So, by default, if this page doesn't contain explicit different instructions, you
can upgrade your Vitastor cluster by simply upgrading packages and restarting all
OSDs and monitors in any order.
Upgrading is performed without stopping clients (VMs/containers), you just need to
upgrade and restart servers one by one. However, ideally you should restart VMs too
to make them use the new version of the client library.
Exceptions (specific upgrade instructions):
- Upgrading <= 1.1.x to 1.2.0 or later, if you use EC n+k with k>=2, is recommended
to be performed with full downtime: first you should stop all clients, then all OSDs,
then upgrade and start everything back — because versions before 1.2.0 have several
bugs leading to invalid data being read in EC n+k, k>=2 configurations in degraded pools.
- Versions <= 0.8.7 are incompatible with versions >= 0.9.0, so you should first
upgrade from <= 0.8.7 to 0.8.8 or 0.8.9, and only then to >= 0.9.x. If you upgrade
without this intermediate step, client I/O will hang until the end of upgrade process.
- Upgrading from <= 0.5.x to >= 0.6.x is not supported.
Rollback:
- Version 1.0.0 has a new disk format, so OSDs initiaziled on 1.0.0 can't be rolled
back to 0.9.x or previous versions.
- Versions before 0.8.0 don't have vitastor-disk, so OSDs, initialized by it, won't
start with 0.7.x or 0.6.x. :-)
## OSD memory usage
OSD uses RAM mainly for:
- Metadata index: `data_size`/[`block_size`](../config/layout-cluster.en.md#block_size) * `approximately 1.1` * `32` bytes.
Consumed always.
- Copy of the on-disk metadata area: `data_size`/[`block_size`](../config/layout-cluster.en.md#block_size) * `28` bytes.
Consumed if [inmemory_metadata](../config/osd.en.md#inmemory_metadata) isn't disabled.
- Bitmaps: `data_size`/[`bitmap_granularity`](../config/layout-cluster.en.md#bitmap_granularity)/`8` * `2` bytes.
Consumed always.
- Journal index: between 0 and, approximately, journal size. Consumed always.
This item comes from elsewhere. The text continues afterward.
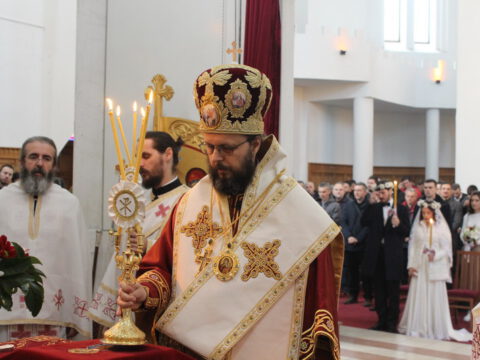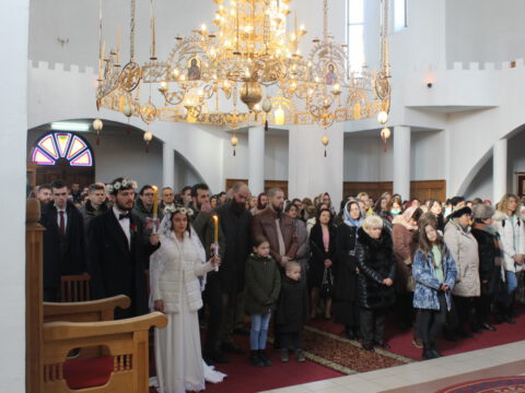 Током свете Литургије извршена је света Тајна брака – чин венчања Михајла Илића и Ане Хавран из Новог Сада.

- Copy of the on-disk journal area: exactly journal size. Consumed if
[inmemory_journal](../config/osd.en.md#inmemory_journal) isn't disabled.
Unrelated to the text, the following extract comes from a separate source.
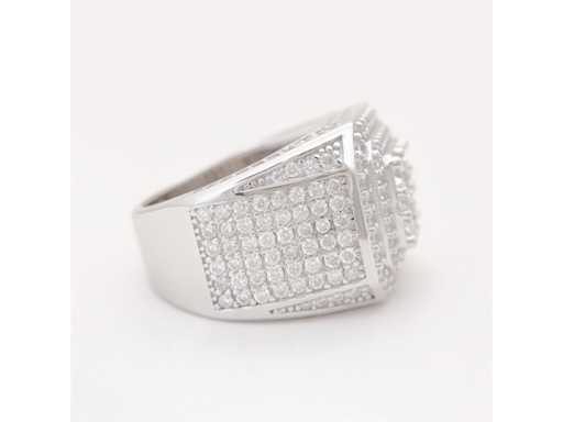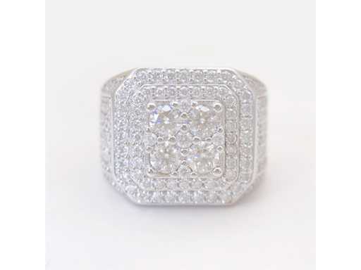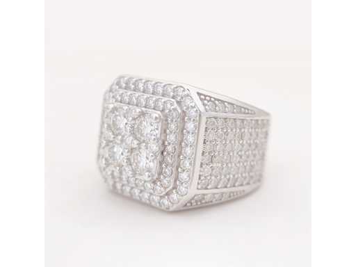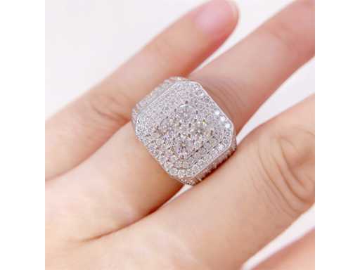 brillants Pierre précieuse : Moissanite ; Quantité : 4 pièces ; Coupe : Coupe brillante ; Poids (carat) : 1,00 carat ; Couleur : F ; Pureté : VVS ; Coupe : Très bien ; Pierre précieuse (secondaire) : Moissanite ; Quantité : 247 pièces ; Coupe : Coupe brillante ; Poids (carat) : 4,30 carats ; Couleur : F ; Pureté : VVS ; Coupe : Très bien ; Joyau : Anneau ; Marque : Harmony ; Poids : 11 grammes ; Taille de bague (sur mesure*) : 54 (17,25 mm) ; Matériau : Argent sterling de qualité platine de haute qualité (925) ; État : Neuf ; Emballage : boîte à bijoux ou étui en velours ; Explication : La qualité a été prise du rapport correspondant à l’article. L’évaluation est une évaluation d’un négociant certifié en diamants, basée sur les prix à la consommation ; Informations supplémentaires : Le poids mesuré des pierres précieuses est basé sur la taille des diamants ; Prix grand public : 1 200 €

- Checksums: `data_size`/[`csum_block_size`](../config/osd.en.md#csum_block_size) * 4 bytes.
Consumed if checksums are enabled and [inmemory_metadata](../config/osd.en.md#inmemory_metadata) isn't disabled.
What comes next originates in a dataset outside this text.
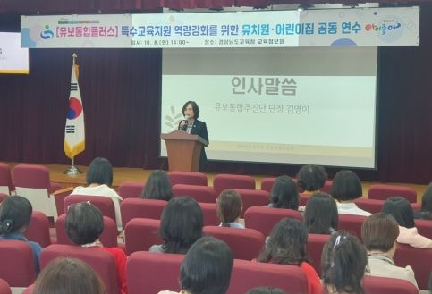 경남교육청은 유보통합이 지향하는 유아교육·보육의 질을 높이기 위해 유치원 교원과 어린이집 보육 교직원을 대상으로 4대 분야*에 대한 연수를 진행하고 있다. 이번에는 특수교육 대상‧장애 영유아를 담당하는 교사를 위한 특수교육 지원 역량을 강화하는 연수를 실시했다.

bitmap_granularity is almost always 4 KB.
So with default SSD settings (block_size=128k, journal_size=32M, csum_block_size=4k) memory usage is:
- Metadata and bitmaps: ~600 MB per 1 TB of data.
- Journal: up to 64 MB per 1 OSD.
- Checksums: 1 GB per 1 TB of data.
With default HDD settings (block_size=1M, journal_size=128M, csum_block_size=32k):
- Metadata and bitmaps: ~128 MB per 1 TB of data.
- Journal: up to 256 MB per 1 OSD.
- Checksums: 128 MB per 1 TB of data.